Frage an Johannes Kahrs von Dirk G. bezüglich Gesellschaftspolitik, soziale Gruppen
Hallo Herr Kahrs.
Was halten Sie von der Einführung eines bedingungslosen Grundeinkommens? Dann wären die Streitereien um einen Mindestlohn vom Tisch, oder? Wenn jede Bürgerin, jeder Bürger, monatlich ein Einkommen in existenzsichernder Höhe, ob arbeitslos oder nicht, erhielte, könnten wir uns die Gespräche über Armutslöhne sparen. Denn dann wäre jeder Bürger und jede Bürgerin so frei in der Entscheidung, eine Arbeit anzunehmen , die menschenwürdig bezahlt wäre.
Mit bitte um Antwort verbleibe ich mit herzlichen Grüßen
Dirk Gebauer
Sehr geehrter Herr Gebauer,
vielen Dank für Ihre Anfrage vom 15. Mai 2007. Die Einführung eines bedingungslosen Grundeinkommens oder Bürgergeldes ist in letzter Zeit viel diskutiert worden. Demnach soll jedem Bürger, ohne Bedürftigkeitsprüfung und ohne jede Bedingung ein festes monatliches Geld vom Staat zustehen. Im Zuge dessen, würden, bis auf die Krankenversicherung, alle existierenden Sozialleistungen und Steuervorteile gestrichen. Ich halte, die bis zum jetzigen Zeitpunkt dargelegten Modelle für ein Grundeinkommen oder Bürgergeld, für wirklichkeitsfern, da sie weder sozial gerecht noch finanzierbar sind.

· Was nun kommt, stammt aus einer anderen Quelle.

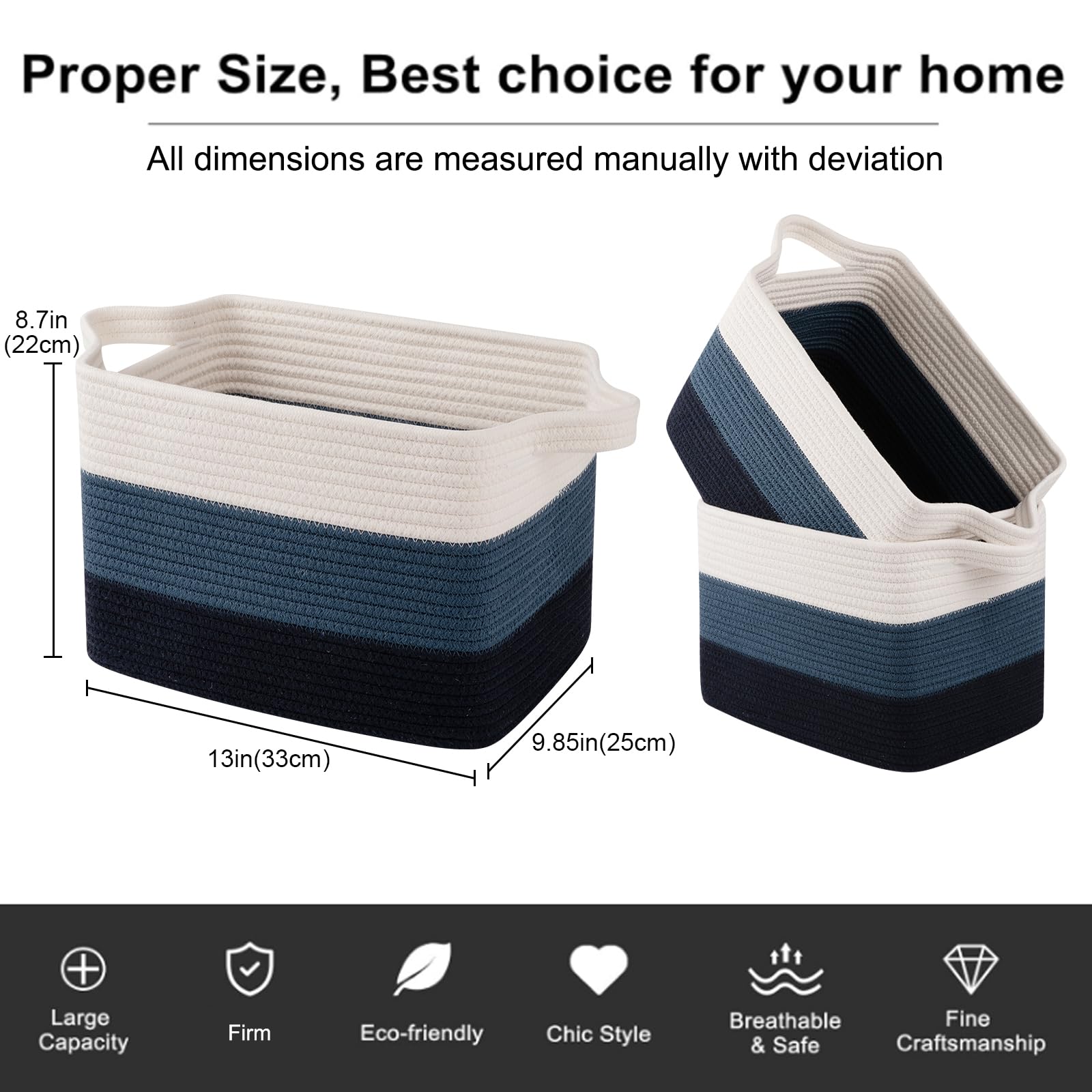 High Quality Cotton Rope Woven: Woven cotton thread is very soft and don't damage your floors and furniture. Seamless design, not easy to tear,More firm than rattan and plastic materials. Our storage basket has no harsh chemiacls added, and the cotton rope basket is safe for kids, elders and pets. Firm enough and stylish enough to go anywhere in the home

Ein altersunabhängiges Grundeinkommen ist kein wirksames Mittel, um den Begriff Arbeit neu zu definieren - geschweige denn, um den Sozialstaat zu reformieren. Die scheinbar ideal anmutende Lösung birgt viele Unsicherheiten sowie Risiken und würde im Falle einer Umsetzung dem Abbau des Sozialstaates Vorschub leisten. Nach dem Willen der Befürworter eines bedingungslosen Grundeinkommens würden alle Menschen gleich „alimentiert“ und damit auch Nichtbedürftige zu Transferempfängern. Demzufolge könnten auch Vermögensmillionäre ein Grundeinkommen einfordern. Ein wirklich sozialer Staat investiert dagegen in seine Menschen, indem er auf ihre individuellen Bedürfnisse eingeht und seine Sozialleistungen entsprechend genau zuschneidet. Alle Bürgergeld-Vorschläge leiden jedoch darunter, dass sie einseitig auf die Transferseite schauen. Das Prinzip von „Fordern und Fördern“ wäre völlig ausgehebelt - wie man Menschen wirklich gut helfen kann, ihre persönliche Situation zu verbessern, gerät dabei aus dem Blickfeld. Wer solche Vorschläge macht und Sozialleistungen rigoros streichen will, dem ist der Teilhabegedanke offensichtlich egal. Armut ist vielschichtig und ihre Bekämpfung mehr als eine finanzielle Leistung.
Auch ein Netto-Grundeinkommen von 600 Euro brutto, wie es der thüringische Ministerpräsident Dieter Althaus vorgeschlagen hat, ist unsozial. Es liegt sogar noch unter dem derzeitigen ALG II (einschließlich der Kosten für Unterkunft). Bei dem Vorschlag von Althaus handelt es sich außerdem nicht wirklich um ein bedingungsloses Grundeinkommen, weil das Erwerbseinkommen mit der Steuerschuld verrechnet wird. Ein weiterer wichtiger Punkt ist die nicht gesicherte Finanzierung. Das von Althaus konzipierte „solidarische Bürgergeld“ würde sage und schreibe 740 Mrd. Euro kosten, was einem Drittel der gesamten Wirtschaftsleistung Deutschlands entspricht. Des Weiteren muss das Argument angezweifelt werden, wonach sich die Menschen mit der Gewährung eines bedingungslosen Grundeinkommens von den Zwängen der Arbeitsgemeinschaft befreien würden. Fakt ist, dass Grund zur Sorge besteht, falls ein Teil der Menschen gar nicht mehr arbeiten will bzw., dass sich besonders für unangenehme Arbeiten niemand mehr finden würde. Zielführender ist in diesem Zusammenhang tatsächlich die von der SPD initiierte Diskussion um einen gesetzlichen Mindestlohn.